*What is being asked*:
Could you restate word for word each line from the top of the listing below through the line containing "THE END农学类标准规范餐饮美食 喜欢就支持一下吧收藏"? Keep the pictures out.

*Task input*:
━━━━━━━━━━━━━━━━
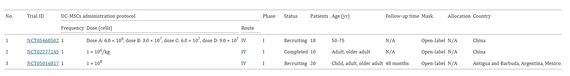 根據ClinicalTrials.gov網站,共有3項基于UC-MSC治療PF的臨床試驗注冊。(見圖7)
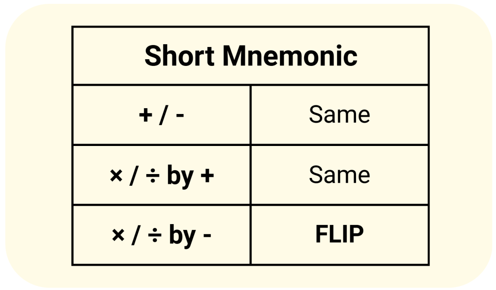 - Divide by a negative number β sign flips.
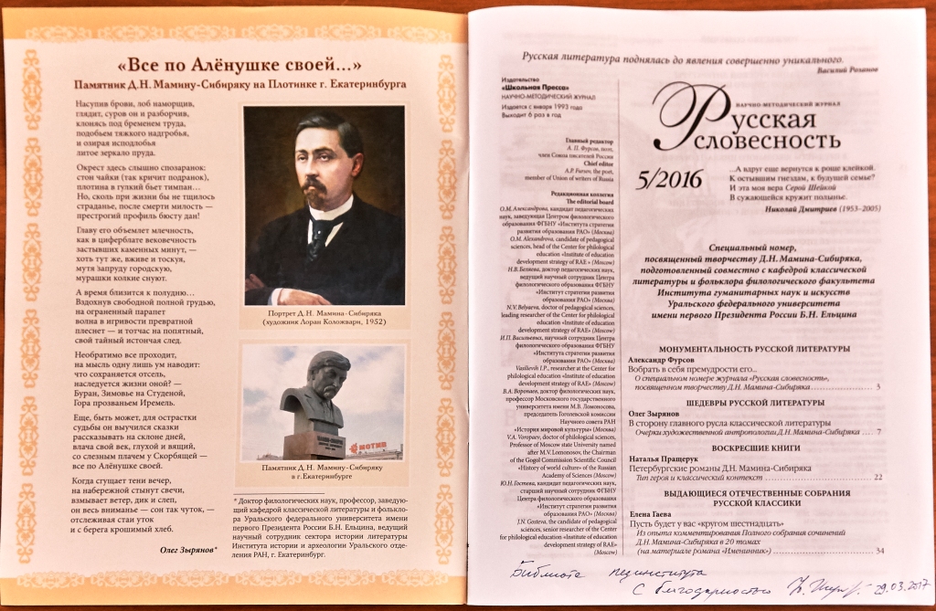 Научная библиотека НТГСПИ получила в дар от председателя Нижнетагильского городского совета Всероссийского общества изобретателей и рационализаторов и идейного вдохновителя проекта «Серая шейка» Юрия Даниловича Исупова пятый номер научно-методического журнала «Русская словесность» за 2016 год. Издание, посвященное творчеству Д. Н. Мамина-Сибиряка, подготовлено совместно с кафедрой классической литературы и фольклора Института гуманитарных наук и искусств Уральского федерального университета им. Б. Н. Ельцина.
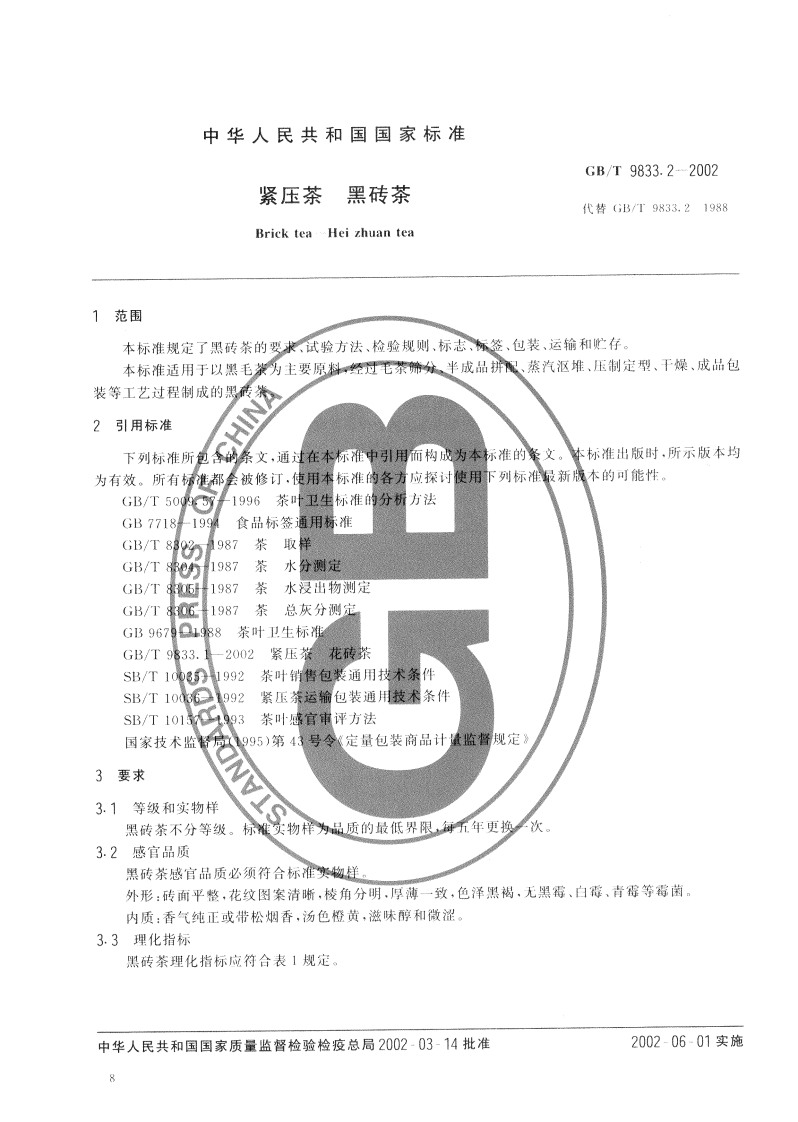 中华人民共和国强制性标准规范GB_T9833.2-2002紧压茶黑砖茶(新版现行)348072@abc1个月前发布关注私信0.63MB5页023中华人民共和国强制性标准规范GB_T9833.2-2002紧压茶黑砖茶(新版现行)此内容为付费资源,请付费后查看¥23¥32黄金会员免费钻石会员免费立即购买您当前未登录!建议登陆后购买,可保存购买订单付费资源 第1页 / 共5页 第2页 / 共5页 第3页 / 共5页 第4页 / 共5页 试读已结束,还剩1页,您可下载完整版后进行离线阅读 THE END农学类标准规范餐饮美食 喜欢就支持一下吧收藏
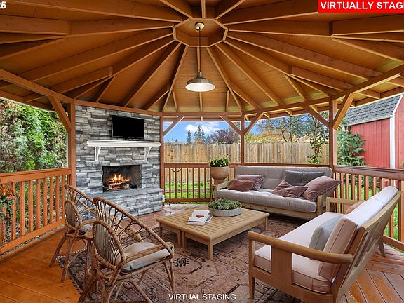 Welcome to this spacious and beautifully maintained home featuring a warm, open layout and numerous upgrades throughout. The living room is a true centerpiece, showcasing a floor-to-ceiling stone fireplace flanked by custom built-ins, creating both elegance and coziness.The kitchen is designed for both everyday living and entertaining, offering granite countertops, a tile backsplash, tile flooring, stainless steel appliances, and ample pantry space for storage.Each bathroom has been tastefully updated with granite countertops and white cabinetry, providing a clean, modern feel. The main living areas and bedrooms feature laminate flooring, blending durability with a contemporary look.Step outside through the living room to a private deck, ideal for relaxing or enjoying morning coffee. The backyard is a true extension of the living space. Also, outdoor access from primary bedroom. Backyard offers a tool shed but the best part is a 144-square-foot covered gazebo equipped with electricity, a wood-burning stone fireplace, and a mounted TV—perfect for entertaining in any season.This home also includes all appliances and features a solar photovoltaic system, helping to reduce energy costs and support sustainable living.
━━━━━━━━━━━━━━━━
*Expected output*:
 根據ClinicalTrials.gov網站,共有3項基于UC-MSC治療PF的臨床試驗注冊。(見圖7)
 - Divide by a negative number β sign flips.
 Научная библиотека НТГСПИ получила в дар от председателя Нижнетагильского городского совета Всероссийского общества изобретателей и рационализаторов и идейного вдохновителя проекта «Серая шейка» Юрия Даниловича Исупова пятый номер научно-методического журнала «Русская словесность» за 2016 год. Издание, посвященное творчеству Д. Н. Мамина-Сибиряка, подготовлено совместно с кафедрой классической литературы и фольклора Института гуманитарных наук и искусств Уральского федерального университета им. Б. Н. Ельцина.
 中华人民共和国强制性标准规范GB_T9833.2-2002紧压茶黑砖茶(新版现行)348072@abc1个月前发布关注私信0.63MB5页023中华人民共和国强制性标准规范GB_T9833.2-2002紧压茶黑砖茶(新版现行)此内容为付费资源,请付费后查看¥23¥32黄金会员免费钻石会员免费立即购买您当前未登录!建议登陆后购买,可保存购买订单付费资源 第1页 / 共5页 第2页 / 共5页 第3页 / 共5页 第4页 / 共5页 试读已结束,还剩1页,您可下载完整版后进行离线阅读 THE END农学类标准规范餐饮美食 喜欢就支持一下吧收藏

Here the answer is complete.